2021年11月15日

2022年3月期第2四半期決算
JSR

計画、対前年上回る
全セグメントで増収増益

JSR(エリック・ジョンソンCEO)は11月8日、ウェブを通じて決算説明会を開催した。同社の宮崎秀樹取締役常務執行役員が決算概要について説明。宮崎取締役は「上期については売上高、コア営業利益、当期利益とも、当初計画を上回って進ちょくした。対前年でも高い伸び率を達成しており、これに伴い通期業績見通しを上方修正する」と全体的な概要について前置きしてから、説明を進めた。当期の売上収益については前年同期比20・8%増の1682億1400万円、コア営業利益は同38・5%増の230億7700万円、四半期利益は186億3300万円(前年同期は7億8400万円の損失)、当期純利益は175億4200万円(同6億7600万円の損失)となった。コア営業利益見通しには下期に見込むInpria Corporationの完全子会社化による評価益など60億円を含んでいる。

本年5月11日開催の取締役会において、同社のエラストマー事業を新たに子会社として設立する日本合成ゴム分割準備に吸収分割によって承継させた上で、来年4月に承継会社の全株式をENEOSに譲渡。これに伴い、第1四半期連結会計期間より、エラストマー事業は非継続事業に分類されている。この結果、当第2四半期連結累計期間の表示形式に合わせ、一部組み替えを行って発表している。

セグメント別では、デジタルソリューション事業部門の売上収益は前年同期比9・3%増の806億900万円、コア営業利益は同15・7%増の195億8900万円。好調な需要環境下、売り上げ、利益とも対前年で大幅に伸長し、高いマージンを確保した。半導体材料は、同13%増の売り上げ成長を達成。既存製品の販売拡大に加え、新規のEUVレジストは前年同期の倍以上の売り上げ成長を確保した。半導体材料は好調な半導体市場を背景に販売を伸ばし、ディスプレイ材料は中国での拡販を進め、売上収益は前年同期を上回った。
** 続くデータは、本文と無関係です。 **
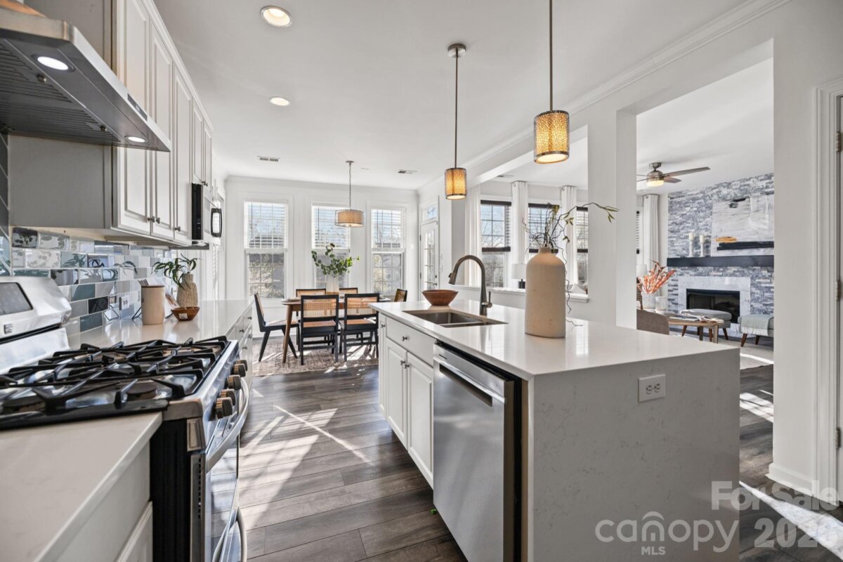 Discover the perfect blend of modern efficiency and functional design at 13803 Daltrey Lane. This 5-bedroom, 3-bathroom home in Ballantyne welcomes you on the main floor with a dedicated home office and formal dining room/open flex area. With a bedroom and full bathroom on the 1st floor, you have the ideal space for guests or multi-generational living. The large living room with tons of natural light and a gas fire place provide for a wonderful space to relax and unwind. Steps away is the spacious kitchen with island and eat-in area! Upstairs, the primary suite serves as a cozy retreat with a double-vanity ensuite with a garden tub, shower, and walk-in closet. The 2nd floor has 3 additional bedrooms and a very generous BONUS room! The home had a new roof installed in 2023 and a new dual-zone HVAC in 2025! The yard is equipped with a smart-tech irrigation system for ease of keeping your lawn looking great! The backyard is partially fenced with several trees for privacy while enjoying the patio. Along with Ballantyne schools, this area offers premier dining and retail at Blakeney, Stonecrest and much more! This residence is move-in ready and optimized for the busy professional. Come tour and see all this property has to offer you!

コア営業利益についても、半導体材料の売上収益の増加によって伸びた。コア営業利益における損益要因は、半導体材料・ディスプレイ材料の販売拡大による51億円の増収が大きく、価格差による3億円、半導体材料の固定費増加・ディスプレイ材料の事業再編費用・エッジコンピューティングの固定費増加による21億円の減益分を大きく上回った。半導体材料の売上高は同13%増の528億円、ディスプレイ材料は同4%増の236億円、エッジコンピューティングは同4%減の42億円。

ライフサイエンス事業部門の売上収益は同28・8%増の336億9200万円、コア営業利益は同20・5%増の19億4500万円。主にCDMO、CRO事業に加えバイオプロセス材料やIVDの販売が拡大した。コア営業利益の伸びはCDMOの先行投資と資材調達不足などによる生産稼働調整の影響を受けた。売上収益における品種別増減比率は、CDMOが同約20%増、CROが同約40%増、バイオプロセス材料が同約190%増、IVDが同約15%増。
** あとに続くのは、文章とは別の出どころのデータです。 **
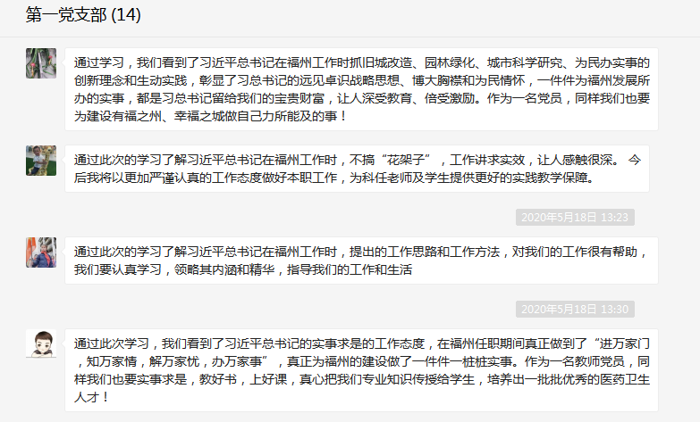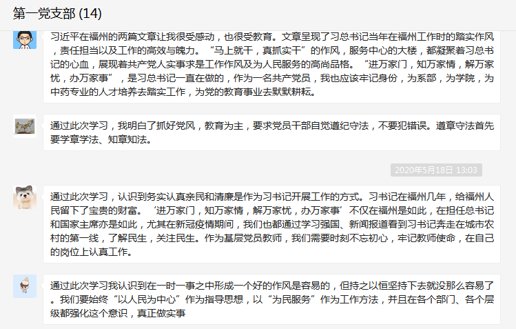 5月16日,藥學(xué)系第一黨支部在微信上在線學(xué)習(xí)《習(xí)近平在福州(五)習(xí)近平為福州人民留下寶貴財(cái)富》和《習(xí)近平在福州(六)習(xí)近平同志提出要“進(jìn)萬家門,知萬家情,解萬家憂,辦萬家事”》兩篇采訪實(shí)錄,會(huì)議由支部書記何舒瀾主持。

合成樹脂事業部門の売上収益は同46・6%増の477億8200万円、コア営業利益は同431・4%増の34億5500万円。昨年度低迷していた自動車生産の回復を背景に、販売数量を大きく伸ばしたことで売上収益は大きく伸長。コア営業利益についても、売上収益の増加によって伸びを見せた。コア営業利益における損益要因は、販売増加によって25億円、売買スプレッドの縮小というマイナス要因があったものの、在庫受払差(変動費)による3億円の増益要因があった。

エラストマー事業の上期については、販売数量は前年同期比で35%拡大、タイヤ市場の回復によってSSBRが伸長。コア営業利益(相当)は、数量効果に加え、スプレッドの改善、コスト削減によって増加した。通期においても、当初想定を上回る見通しを立てている。

通期については、市場環境および業績の動向などを踏まえ、本年5月11日発表の業績予想を修正。それに準じて配当予想の修正も実施する。修正後の売上収益は前期比11・1%増の3465億円(修正前は3180億円)、コア営業利益は同38・5%増の525億円(同430億円)、営業利益は52・8%増の523億円(同430億円)、当期利益は390億円(同300億円)、当期純利益は355億円(同270億円)。

年間配当金予想についても、期末配当金を5円増額して35円とし、中間配当金の35円と合わせて1株当たり70円に増配した。